Ski season impact broken down |

Ski season impact broken down

Isaac Brambila

A San Francisco State University (SFSU) study reported that skiers and other winter sport enthusiasts spent nearly $428 million last ski season and generated about $33 million in tax revenue.

The study, titled Ski Lake Tahoe Regional Economic Impact and Projections study, was published by Patrick Tierney, Ph.D. and chair of the Department of Recreation, Parks and Tourism at SFSU. It surveyed nine ski resorts to reach their results.

The study gathered data from 2013/2014 figures on resort revenues, number of full- and part-time employees, payroll, capital improvements, expenditures, skier visits, visits by activity, visits by visitor residence, average length of visit and property taxes paid.

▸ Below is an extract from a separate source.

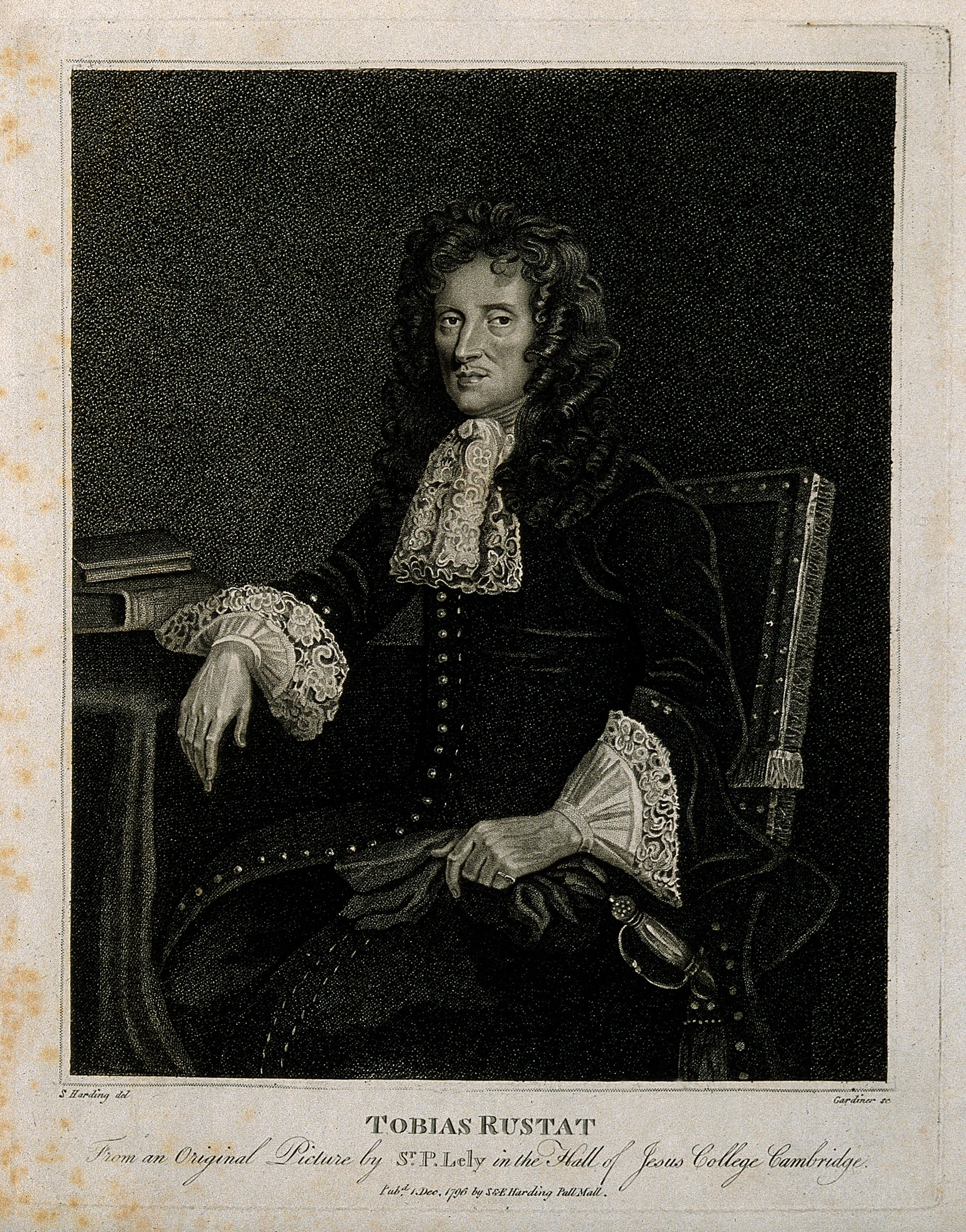 Tobias Rustat. Stipple engraving by W. N. Gardiner, 1796, after S. Harding after Sir P. Lely. Iconographic Collections Keywords: portrait prints; stipple prints; Tobias Rustat
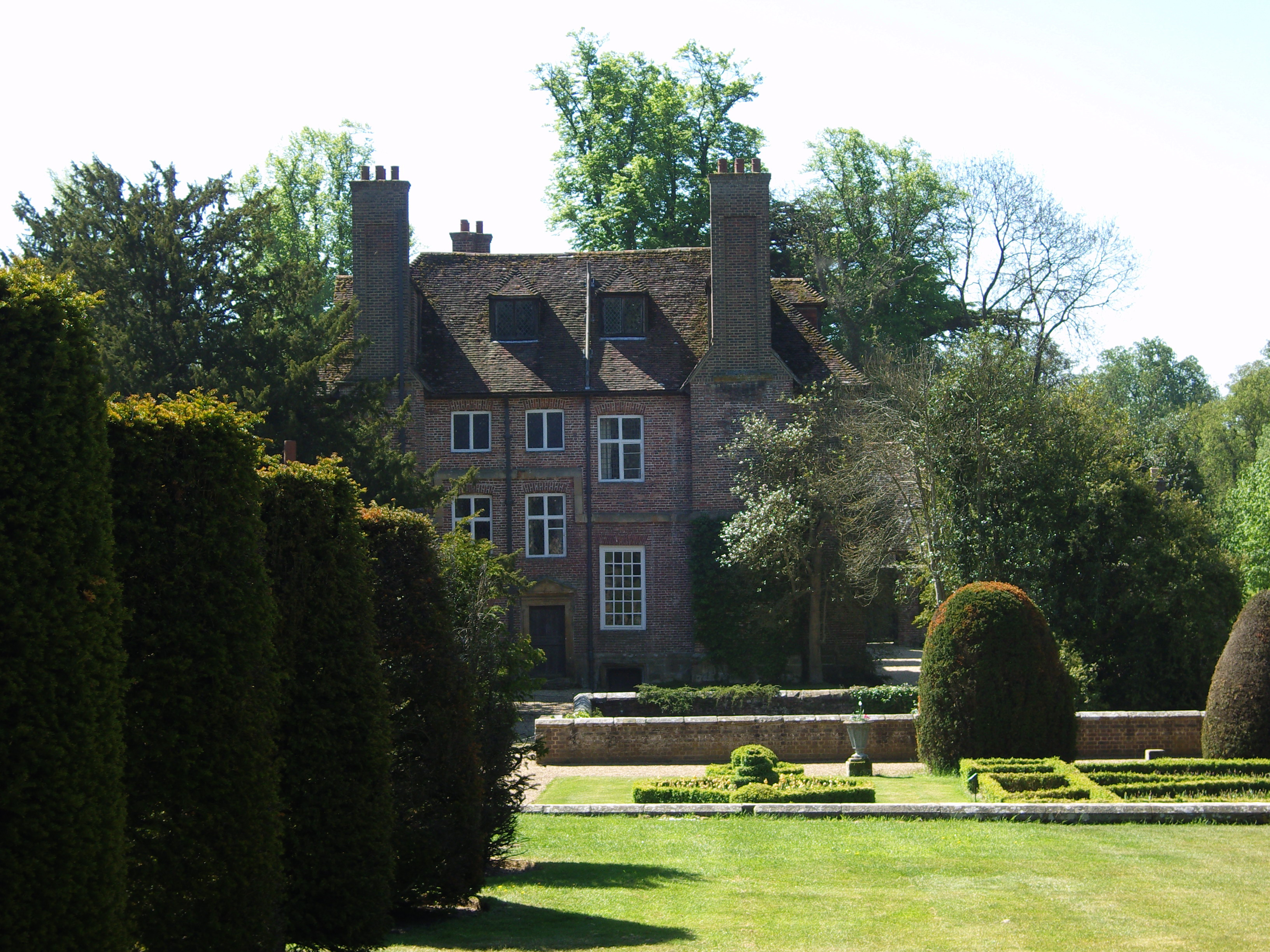 Groombridge Place, a historic house in Kent

Surveyors alsoutilized average visitor spending in California per person, per day and by type for 2010/2001 and adjusted it to 2014 dollars

According to the data, the nine South Lake Tahoe Resorts surveyed represented 60 percent of all skier visits in the 2012 California ski area economic study.

During the last season, about 2.72 million winter sport enthusiasts visited South Lake Tahoe resorts, roughly 46 percent of whom were season pass holders. That 46 percent of the customer base generated roughly $138 million.

The majority of revenues came from California and Nevada residents, who generated a combined revenue of about $145.7 million.

The food and beverage industry is the most benefited by the influx of winter sports enthusiasts, who spent roughly $98.2 million during the 2013/2014 season.

Lift tickets generated nearly $91 million and lodging businesses generated roughly $75.3 million.

The most free-spending visitors were calculated to be from outside of the United States, who, according to the report, spent about $300 a day. Visitors from other states are calculated to have spent about $250 a day, and California and Nevada residents were calculated to have spent more than $180 a day.

The most conservative spenders, according to the study, were season pass holders and local residents, spending roughly $110 and $130, respectively.

Business owners and stockholders are not the only ones who benefit from ski-generated revenues, the report’s figures suggest.

During the 2013/2014 season, nearly 8,300 jobs were generated, more than 3,330 full-time jobs and nearly 5,000 part time.

Total state and federal taxes from ski resort operations exceeded $33 million, with $5.1 million in property taxes.

The total economic value, calculated from direct and secondary spending, was found to be about $564.5 million.

The resorts surveyed were Alpine Meadows, Heavenly, Homewood, Kirkwood, Mt. Rose, Northstar, Sierra- at-Tahoe, Squaw Valley, Sugar Bowl.

The author, Patrick Tierney, has a Ph.D. from Colorado State University in recreation resources management and a master’s in recreation resources. He is chairman and professor of the Recreation, Parks and Tourism Department at SFSU. In addition to his academic pursuits, Tierney was co-owner and manager of operations and finance, for 25 years, of an adventure travel business offering programs in Colorado, Utah and Alaska.